2020-06-10 Thread Nicholas Piggin
Excerpts from Matheus Castanho's message of May 14, 2020 6:55 am:
> Hi Nicholas,
> 
> Small comment below:
> 
> On 4/30/20 1:02 AM, Nicholas Piggin wrote:
>> Add support for the scv instruction on POWER9 and later CPUs.
>> 
>> For now this implements the zeroth scv vector 'scv 0', as identical
>> to 'sc' system calls, with the exception that lr is not preserved, and
>> it is 64-bit only. There may yet be changes made to this ABI, so it's
>> for testing only.
>> 
>> rfscv is implemented to return from scv type system calls. It can not
>> be used to return from sc system calls because those are defined to
>> preserve lr.
>> 
>> In a comparison of getpid syscall, the test program had scv taking
>> about 3 more cycles in user mode (92 vs 89 for sc), due to lr handling.
>> getpid syscall throughput on POWER9 is improved by 33%, mostly due to
>> reducing mtmsr and mtspr.
>> 
>> Signed-off-by: Nicholas Piggin 
>> ---
>>  Documentation/powerpc/syscall64-abi.rst   |  42 --
> 
> [...]
> 
>> +Return value
>> +
>> +- For the sc instruction, both a return value and a return error code are
>> +  returned. cr0.SO is the return error code, and r3 is the return value or
>> +  error code. When cr0.SO is clear, the syscall succeeded and r3 is the 
>> return
>> +  value. When cr0.SO is set, the syscall failed and r3 is the error code 
>> that
>> +  generally corresponds to errno.
>> +
>> +- For the scv 0 instruction, there is a return value indicates failure if it
>> +  is >= -MAX_ERRNO (-4095) as an unsigned comparison, in which case it is 
>> the
>> +  negated return error code. Otherwise it is the successful return value.
> 
> I believe this last paragraph is a bit confusing (didn't quite get the
> unsigned comparison with negative values). So instead of cr0.SO to
> indicate failure, scv returns the negated error code, and positive in
> case of success?

Yes, it will be like other major architectures and return values from
-4095..-1 indicate an error with error value equal to -return value.
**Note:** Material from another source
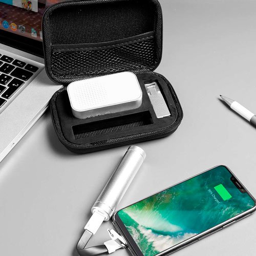(Incluye bocina bluetooth, batería auxiliar de 2,600 mAh, cable cargador y de transferencia de datos compatible con micro USB, 8 pin y tipo C, base para smartphone y estuche.)

I will try to make it a bit clearer.

Thanks,
Nick


Re: [RFC PATCH 2/2] powerpc/64s: system call support for scv/rfscv instructions

2020-05-13 Thread Matheus Castanho
Hi Nicholas,

Small comment below:

On 4/30/20 1:02 AM, Nicholas Piggin wrote:
> Add support for the scv instruction on POWER9 and later CPUs.
> 
> For now this implements the zeroth scv vector 'scv 0', as identical
> to 'sc' system calls, with the exception that lr is not preserved, and
> it is 64-bit only. There may yet be changes made to this ABI, so it's
> for testing only.
> 
> rfscv is implemented to return from scv type system calls. It can not
> be used to return from sc system calls because those are defined to
> preserve lr.
> 
> In a comparison of getpid syscall, the test program had scv taking
> about 3 more cycles in user mode (92 vs 89 for sc), due to lr handling.
> getpid syscall throughput on POWER9 is improved by 33%, mostly due to
> reducing mtmsr and mtspr.
> 
> Signed-off-by: Nicholas Piggin 
> ---
>  Documentation/powerpc/syscall64-abi.rst   |  42 --

[...]

> +Return value
> +
> +- For the sc instruction, both a return value and a return error code are
> +  returned. cr0.SO is the return error code, and r3 is the return value or
> +  error code. When cr0.SO is clear, the syscall succeeded and r3 is the 
> return
> +  value. When cr0.SO is set, the syscall failed and r3 is the error code that
> +  generally corresponds to errno.
> +
> +- For the scv 0 instruction, there is a return value indicates failure if it
> +  is >= -MAX_ERRNO (-4095) as an unsigned comparison, in which case it is the
> +  negated return error code. Otherwise it is the successful return value.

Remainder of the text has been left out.